What the exercise asks -
Copy out the listing that follows, exactly, without its pictures.

Stored data -

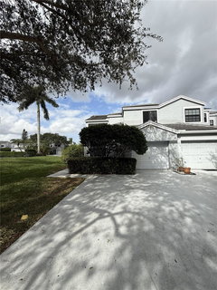 The ground-floor primary suite features an en-suite bathroom with dual sinks, a soaking tub, separate shower, and sliding doors to the screened patio. Additional bedrooms include large walk-in closets. The home also offers a first-floor powder room, extra storage under the stairs, and a modern attached one-car garage. New roof.
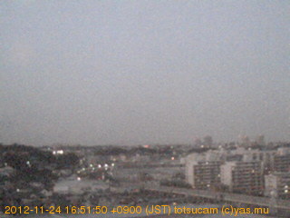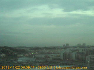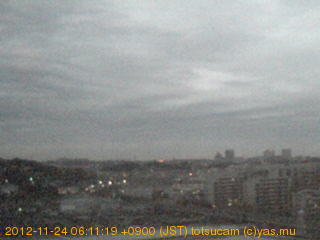 横浜市戸塚駅周辺から 東戸塚方面(北北東)を望む展望カメラの映像です。 左は現在の映像です。 下に並んでいるのは、 7日間に亘る日の出どき、昼間、夕暮れどきの写真(サムネイル)です。 それぞれ、日の出15分前、南中時、日没20分後の写真となっています。 各写真の下にはmpeg形式の動画へのリンクがあります。 それぞれ、日の出、南中、日没の前後1時間の画像です。 右欄にはその日24時間の動画へのリンクがあります。 この7日間以外は日付が一覧表示されています。 日付部分をクリックすると、 その日付から7日分が展開されて表示されます。
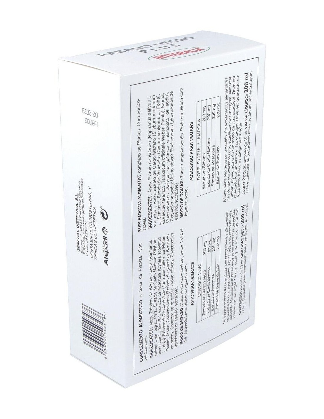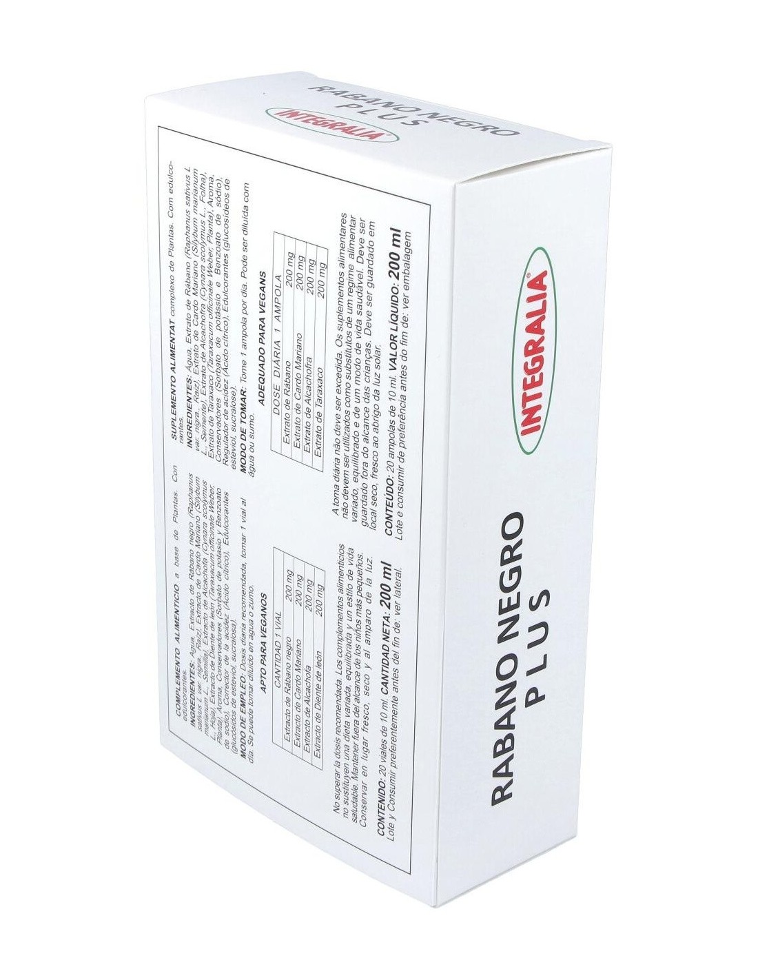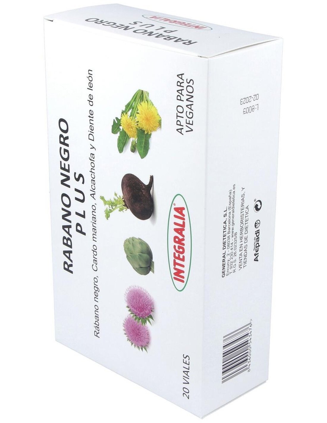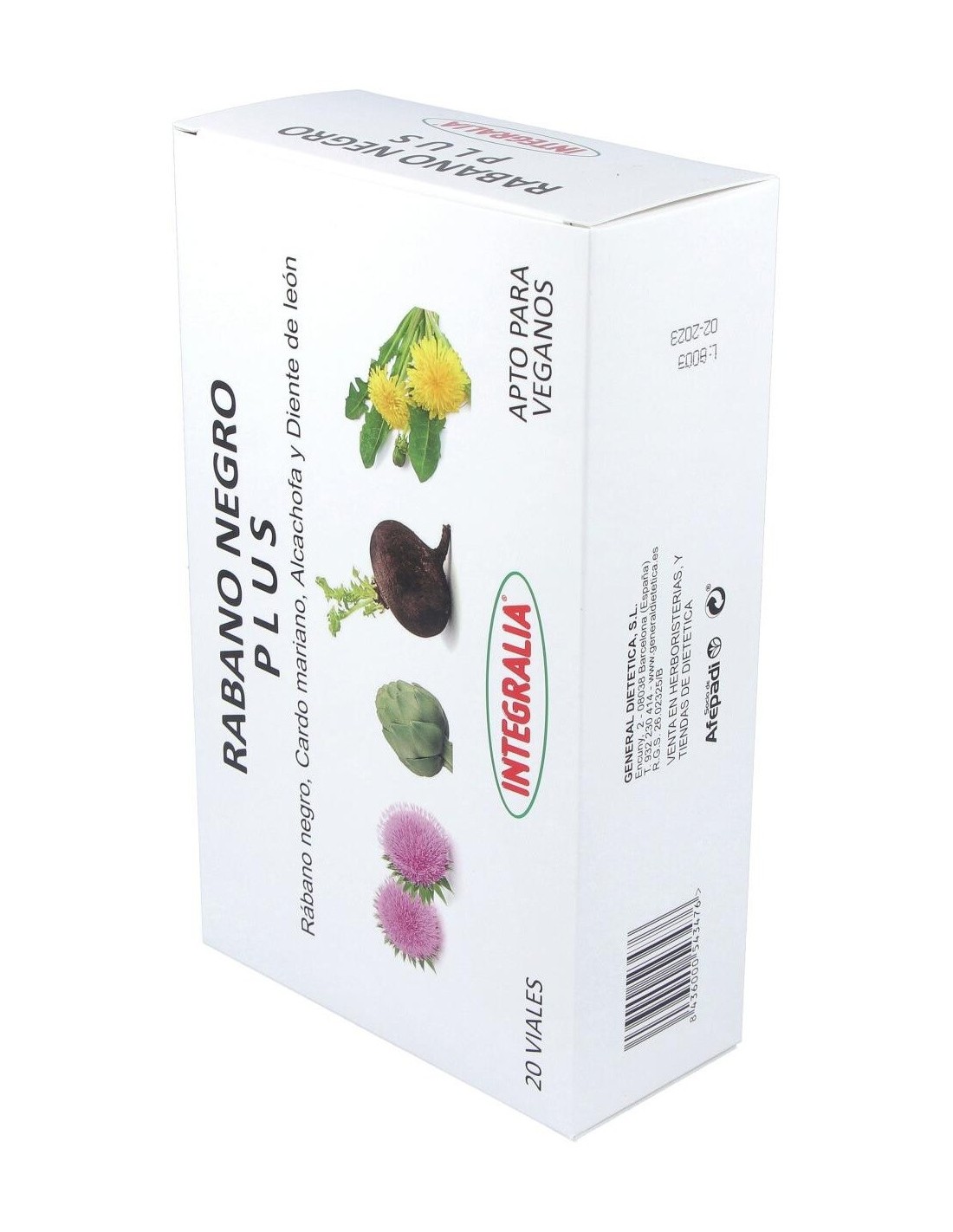 El Rabano Negro Plus 20 Viales de Integralia es un complemento natural para personas que buscan apoyar la función hepática, formulado con extracto concentrado de rábano negro para favorecer la digestión y el bienestar general.

Answer to this exercise -
 The ground-floor primary suite features an en-suite bathroom with dual sinks, a soaking tub, separate shower, and sliding doors to the screened patio. Additional bedrooms include large walk-in closets. The home also offers a first-floor powder room, extra storage under the stairs, and a modern attached one-car garage. New roof.
 横浜市戸塚駅周辺から 東戸塚方面(北北東)を望む展望カメラの映像です。 左は現在の映像です。 下に並んでいるのは、 7日間に亘る日の出どき、昼間、夕暮れどきの写真(サムネイル)です。 それぞれ、日の出15分前、南中時、日没20分後の写真となっています。 各写真の下にはmpeg形式の動画へのリンクがあります。 それぞれ、日の出、南中、日没の前後1時間の画像です。 右欄にはその日24時間の動画へのリンクがあります。 この7日間以外は日付が一覧表示されています。 日付部分をクリックすると、 その日付から7日分が展開されて表示されます。
 El Rabano Negro Plus 20 Viales de Integralia es un complemento natural para personas que buscan apoyar la función hepática, formulado con extracto concentrado de rábano negro para favorecer la digestión y el bienestar general.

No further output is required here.